Un jour, alors qu’il lit une brochure des Prêtres soldats, Léon Bourjade y découvre une prière intitulée Je désire mourir. Il écrit dans son carnet :
Bien belle prière. Demain je la collerai en tête de ce carnet après une seconde lecture.
Et c’est bien en tête du carnet qu’on la retrouvera.

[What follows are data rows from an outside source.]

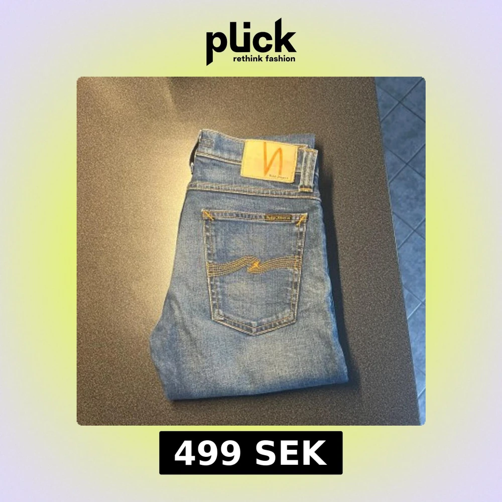 Säljer ett par klassiska blå jeans från Nudie Jeans med raka ben och snygga kontrastsömmar. Byxorna har fem fickor och Nudie-logga på bakfickan. Perfekta för dig som gillar stilrena och tidlösa jeans.
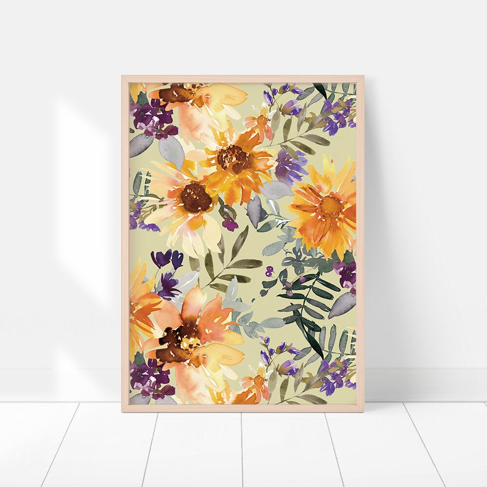 ポスター 夏のひまわり / i0371 / ヴィンテージ風のヒマワリの花 ボタニカル インテリアポスター
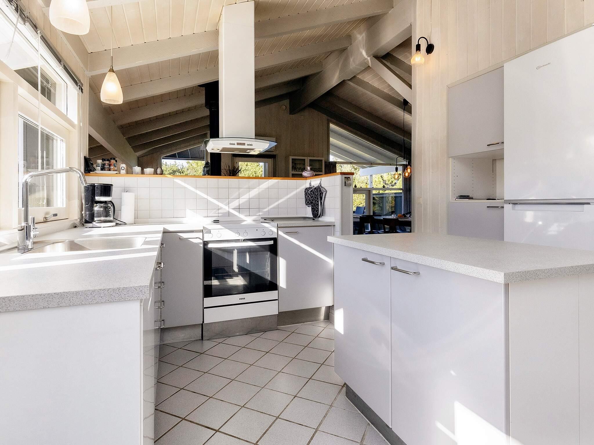 Das Ferienhaus hat eine Eingangsdiele mit Garderobe, eine offene Küche, zwei Schlafzimmer mit Doppelbett und ein drittes Schlafzimmer mit einem Etagenbett. Darüber hinaus gibt es ein großes, helles Badezimmer mit Dusche, Whirlpool und Sauna sowie ein zweites Bad mit Dusche im Haus. Offene Zimmerdecke bis zum First für ein luftiges Ambiente. Sowohl klimafreundliche Wärmepumpe als auch gemütlicher Holzofen zum Heizen im Haus.
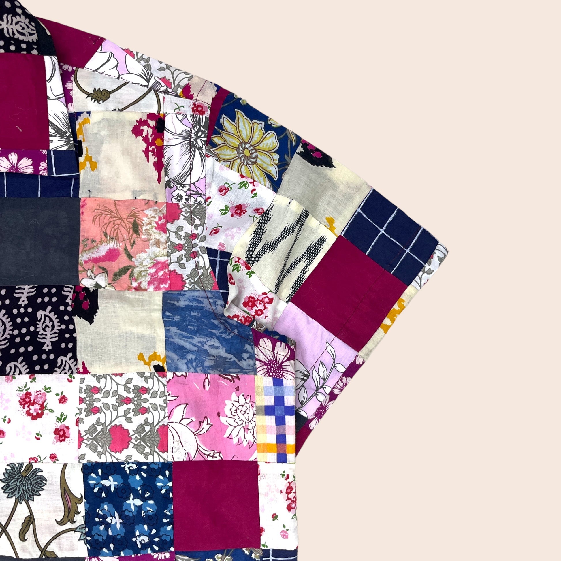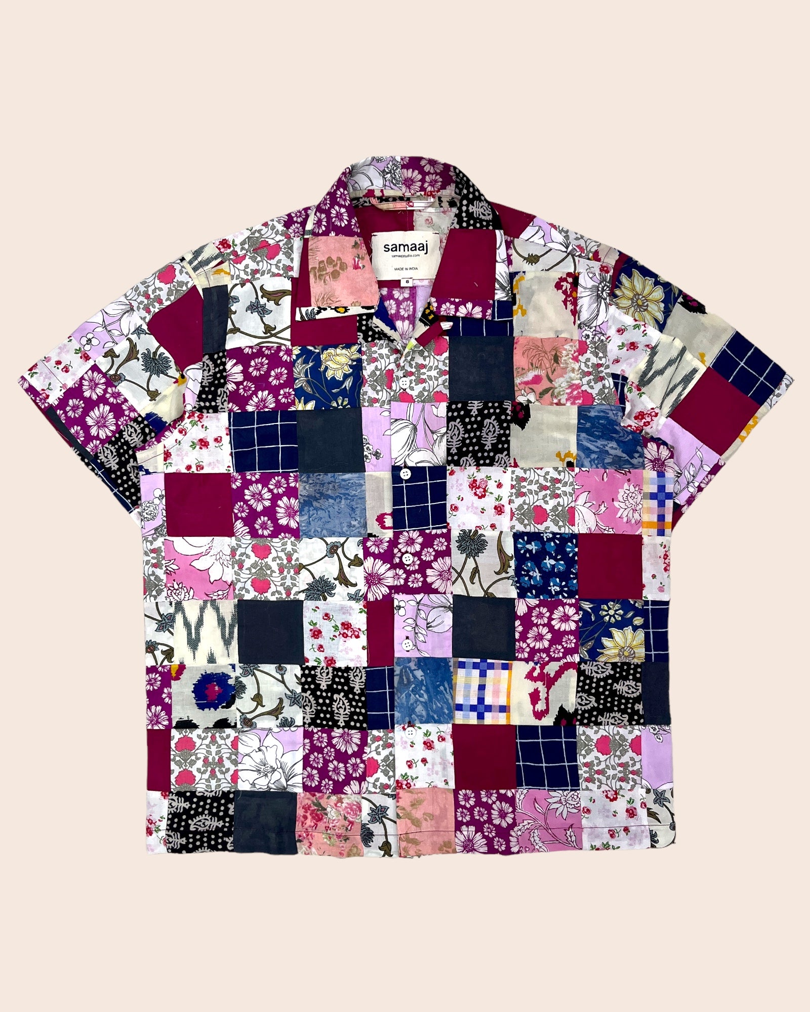 Patchwork shirt made by cutting small/waste yardage of hand block printed fabrics into small squares and then stitching them together to form a running fabric.

Le 28 mars 1910, Léon Bourjade copia dans son carnet l’acte d’offrande de sainte Thérèse s’offrant comme victime d’holocauste à l’amour miséricordieux. D’une écriture appliquée, il inscrit les mots immortels :
Afin de vivre dans un acte de parfait amour, je m’offre comme victime d’holocauste à Votre amour miséricordieux, Vous suppliant de me consumer sans cesse, laissant déborder en mon âme les flots de tendresse infinie qui sont renfermés en Vous, et qu’ainsi je devienne martyre de Votre amour, ô mon Dieu !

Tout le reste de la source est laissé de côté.